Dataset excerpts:
BEGIN
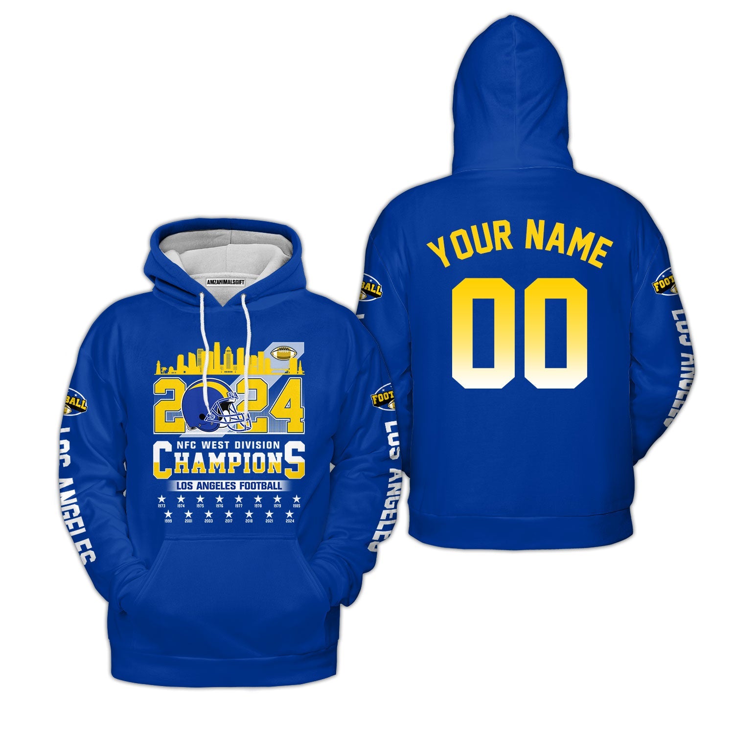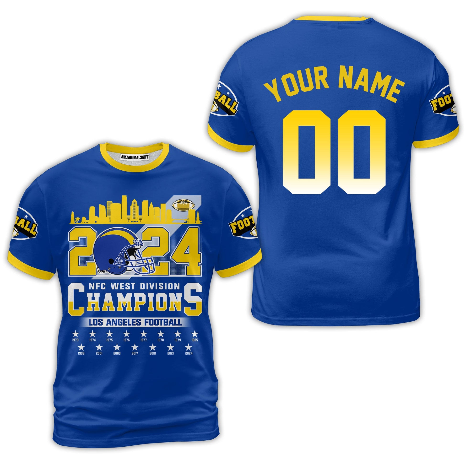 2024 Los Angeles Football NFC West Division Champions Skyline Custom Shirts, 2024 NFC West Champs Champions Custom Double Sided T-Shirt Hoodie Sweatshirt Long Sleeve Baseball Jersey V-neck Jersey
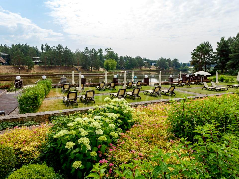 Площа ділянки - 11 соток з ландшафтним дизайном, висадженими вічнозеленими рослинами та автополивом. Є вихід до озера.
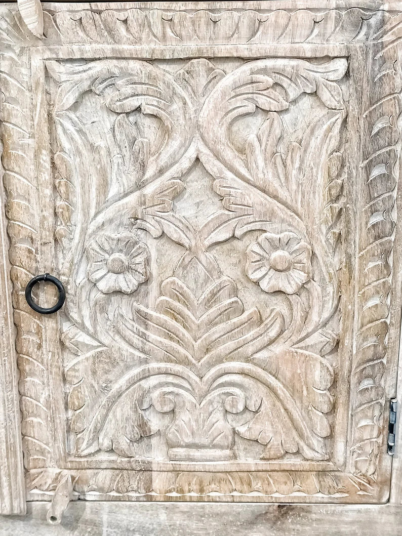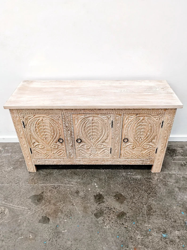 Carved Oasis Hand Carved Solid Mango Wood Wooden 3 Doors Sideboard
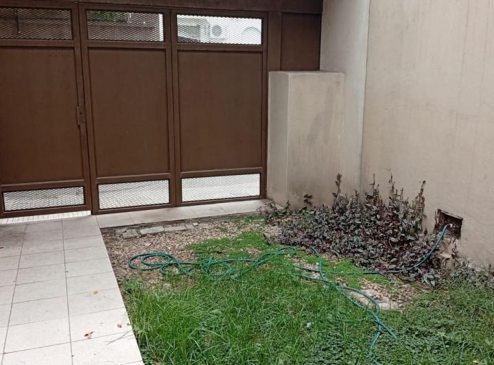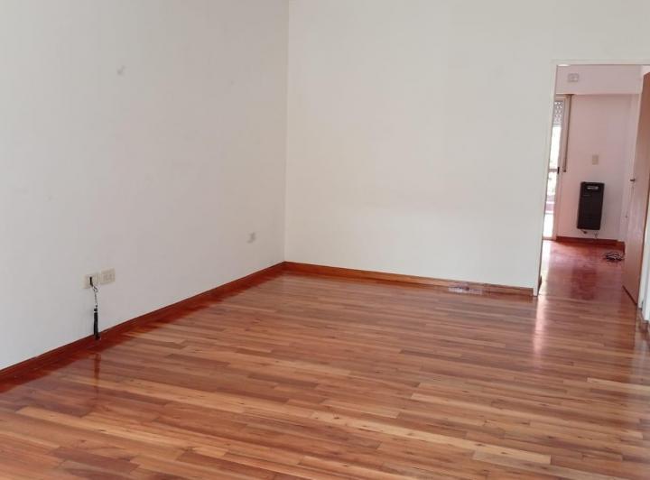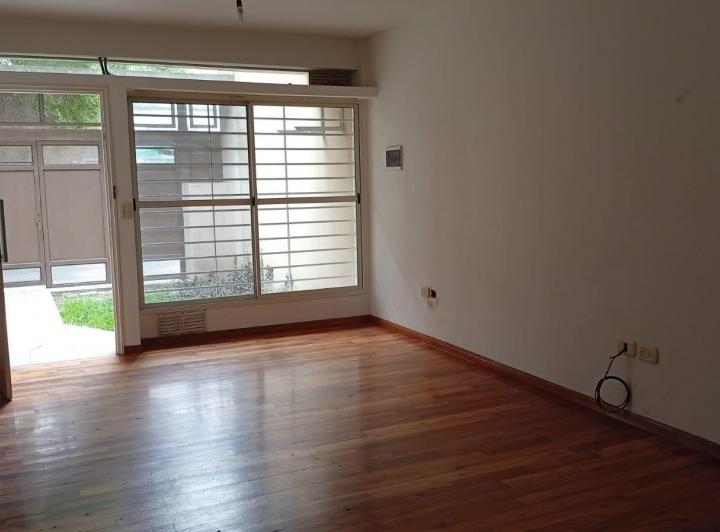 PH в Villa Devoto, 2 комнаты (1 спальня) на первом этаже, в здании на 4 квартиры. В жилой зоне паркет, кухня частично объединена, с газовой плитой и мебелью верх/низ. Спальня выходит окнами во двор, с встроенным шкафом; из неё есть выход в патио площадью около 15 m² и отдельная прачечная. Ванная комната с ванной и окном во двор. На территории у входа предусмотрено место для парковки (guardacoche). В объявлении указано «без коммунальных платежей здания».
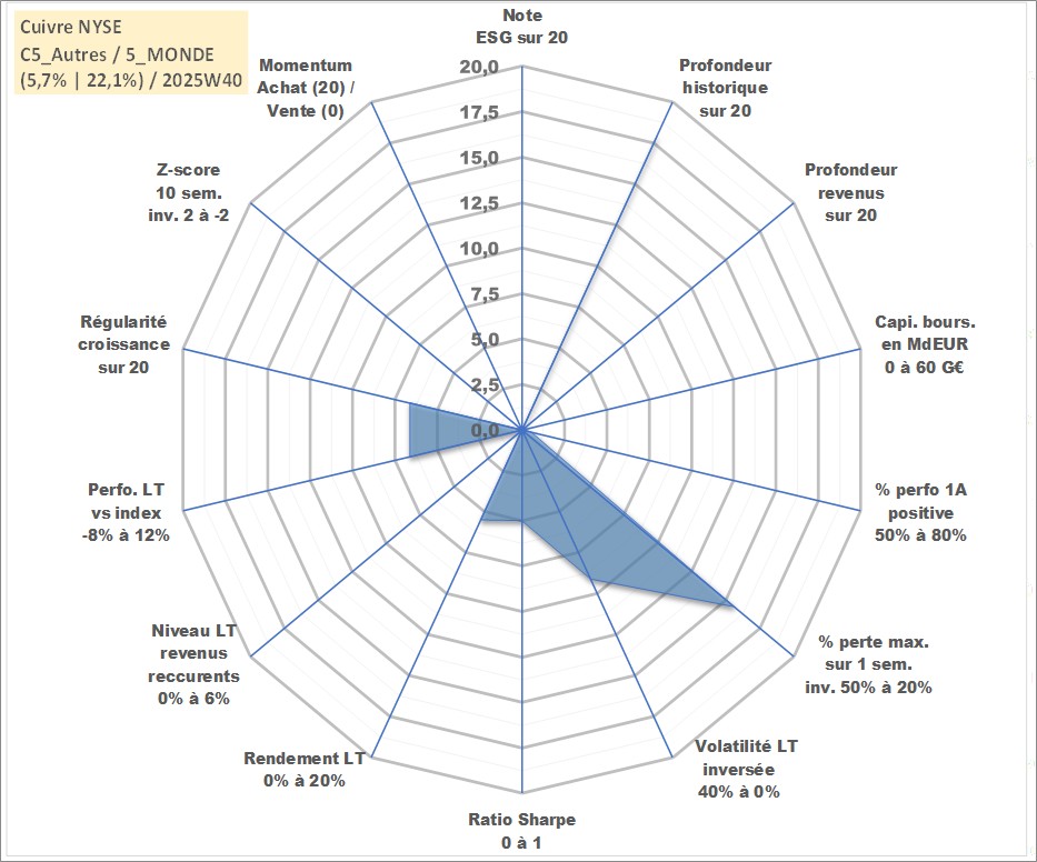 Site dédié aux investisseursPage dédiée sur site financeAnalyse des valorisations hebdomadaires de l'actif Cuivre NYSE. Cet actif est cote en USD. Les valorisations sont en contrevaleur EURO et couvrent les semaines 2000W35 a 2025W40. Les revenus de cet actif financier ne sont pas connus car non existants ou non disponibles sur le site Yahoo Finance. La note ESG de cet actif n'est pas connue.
END
=== Required work ===
Where the line containing "Площа ділянки - 11" appears in the records above, begin copying and continue exactly through the last line, with nothing else; omit every picture.

=== Response for this exercise ===
 Площа ділянки - 11 соток з ландшафтним дизайном, висадженими вічнозеленими рослинами та автополивом. Є вихід до озера.
 Carved Oasis Hand Carved Solid Mango Wood Wooden 3 Doors Sideboard
 PH в Villa Devoto, 2 комнаты (1 спальня) на первом этаже, в здании на 4 квартиры. В жилой зоне паркет, кухня частично объединена, с газовой плитой и мебелью верх/низ. Спальня выходит окнами во двор, с встроенным шкафом; из неё есть выход в патио площадью около 15 m² и отдельная прачечная. Ванная комната с ванной и окном во двор. На территории у входа предусмотрено место для парковки (guardacoche). В объявлении указано «без коммунальных платежей здания».
 Site dédié aux investisseursPage dédiée sur site financeAnalyse des valorisations hebdomadaires de l'actif Cuivre NYSE. Cet actif est cote en USD. Les valorisations sont en contrevaleur EURO et couvrent les semaines 2000W35 a 2025W40. Les revenus de cet actif financier ne sont pas connus car non existants ou non disponibles sur le site Yahoo Finance. La note ESG de cet actif n'est pas connue.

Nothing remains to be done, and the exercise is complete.